He glanced once more from the detective to the pale girl who, since she received notice of her arrest, had stood as though cut from marble. Then he left them.
The next morning's papers, which carried startling headlines of the murder of Walter Newberry, brought Police Detective Siler a feeling of satisfaction with his own work. The newspaper accounts were elaborations of his own theory of an attack by the missionary's dissipated son on his wife and her shooting him in self-defense.
Even the discovery on the second morning that the bullet which was removed from young Newberry's body was of 38 caliber and, as Trant had predicted, not at all similar to the steel-jacketted 32-caliber bullets shot by Mrs. Newberry's automatic pistol, did not disturb the police officer's self-confidence.

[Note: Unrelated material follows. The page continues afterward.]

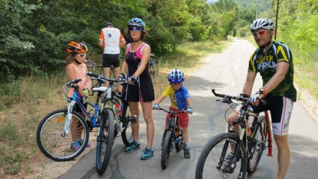 More bicycles next – a Czech family of four with five bikes. Jakub and Katarina and children Lara, 9, and Luka, 5, were back for the second time. We were overwhelmed with their bicycle prowess two years ago when they set out day after day, all day on bikes, albeit Katarina towing Luka in a carriage and Lara’s bike sometimes attached to her father’s bike. Lara now rides on her own, and Luka rides the bike that can be attached to Jakub’s . We rode with them one day – lots of fun.

And when, on the day following, Siler received orders to report, at an hour when he was not ordinarily on duty, at the West End police station, he pushed open the door of the captain's room, to which the sharp nod of the desk sergeant had directed him, with an air of confident importance.
The room had three occupants—the huge figure of Division Inspector of Police Walker, a slight, dark man unknown to Siler, and Luther Trant at the end of the room busy arranging a somewhat complicated apparatus.
Trant, with a short nod of greeting, at once called Siler to his aid.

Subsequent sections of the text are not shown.